When such combinations have a name, this suggests that people (professionals, users, trainspotters) would also think in these categories. Defining classes that reflect such known combinations helps reading and using the model. This is the mechanism dubbed "attributes make new subclasses" as found in Andreas Thalhammer's publication, 2021. Recently, the term folksonomy has been coined for designating taxonomies built under an informal tagging process.

A mechanism is not a magic recipe. Some polishing of the vocabulary (such as the preferred label for each class) will always be needed, as the example shows.

Given the number of possible combinations, creating and naming each resulting class may add many pages to the dictionary and confuse users. Please consider that we did not even mention vehicle combinations: "multiple units", what a strange term by the way. And we also did not mention the power supply variants. For instance, SNCF went creative by calling multiple units that are both electric and diesel "amphibious", a tribute to endangered salamanders.

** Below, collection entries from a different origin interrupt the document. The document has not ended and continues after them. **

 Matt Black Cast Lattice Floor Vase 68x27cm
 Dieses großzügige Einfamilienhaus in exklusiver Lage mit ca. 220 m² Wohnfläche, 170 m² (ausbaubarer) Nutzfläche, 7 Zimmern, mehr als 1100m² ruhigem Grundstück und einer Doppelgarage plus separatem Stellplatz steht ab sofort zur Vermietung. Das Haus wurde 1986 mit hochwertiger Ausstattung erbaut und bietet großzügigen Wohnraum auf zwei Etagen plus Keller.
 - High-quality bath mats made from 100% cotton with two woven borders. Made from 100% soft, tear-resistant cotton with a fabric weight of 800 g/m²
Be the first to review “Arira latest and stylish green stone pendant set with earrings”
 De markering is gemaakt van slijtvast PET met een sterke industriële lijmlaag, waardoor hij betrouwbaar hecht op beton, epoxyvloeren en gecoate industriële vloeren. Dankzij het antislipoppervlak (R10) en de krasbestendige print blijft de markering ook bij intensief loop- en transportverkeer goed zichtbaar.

So yes, an option would be to define subclasses of VEHICLE when there are common terms to name them, because that's how professionals talk and, ultimately, think. This means that vehicles sporting other combinations of properties might be represented by plain instances of VEHICLE, plus the properties of interest. Another possibility is using and instance of a subclass and add the property, such as "a coach that has a driving desk" that may or may not be important enough for being identified as a subclass. For SNCF, coaches with driving desks were important enough, apparently, to get their own designation "remorque de réversibilité".

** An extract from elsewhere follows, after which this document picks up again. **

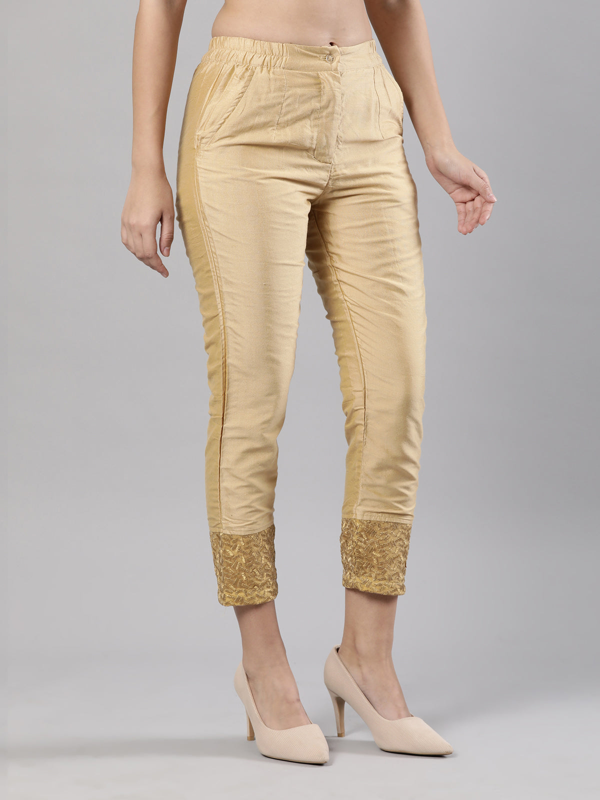 Experience the perfect fusion of comfort and elegance with Femmora's Comfortable Fit Fancy Hem Pant for Women. Crafted to provide enduring comfort, these pants feature a soft and breathable construction, meticulously tailored from a luxurious blend of silk and cotton. Boasting practicality and refinement, they are adorned with two functional pockets and a secure button zip closure.Perfect for both formal affairs and casual outings, these pants effortlessly blends versatility with sophistication. The addition of fancy hem detailing adds a touch of flair and charm to the timeless design, ensuring you exude poise and confidence in every setting.From tailored tops for a polished ensemble to casual tees for everyday chic, Femmora's Fancy Hem Pants are an indispensable wardrobe essential, promising a seamless blend of comfort and style for the modern woman.

From a modelling perspective, there is a lack of homogeneity - so what? models have no "rules". The model maintainability is not affected (you can still add as many properties you want at VEHICLE or at subclass level without risking an oversight). Machines will be able to exploit its instances: it is easy to assert, once and for all, that "X is a coach entails that X can carry passengers", and "X is a vehicle with passengers and no power entails that X is a coach"; SHACL shapes may enforce the latter rule at data provision level, so data homogeneity is maintained.

Whether such lack of homogeneity would affect, positively or negatively, execution time or memory footprint is a premature question - we are at platform-independent level here. And in this particular case, the answer will heavily depend on use cases, so why bother?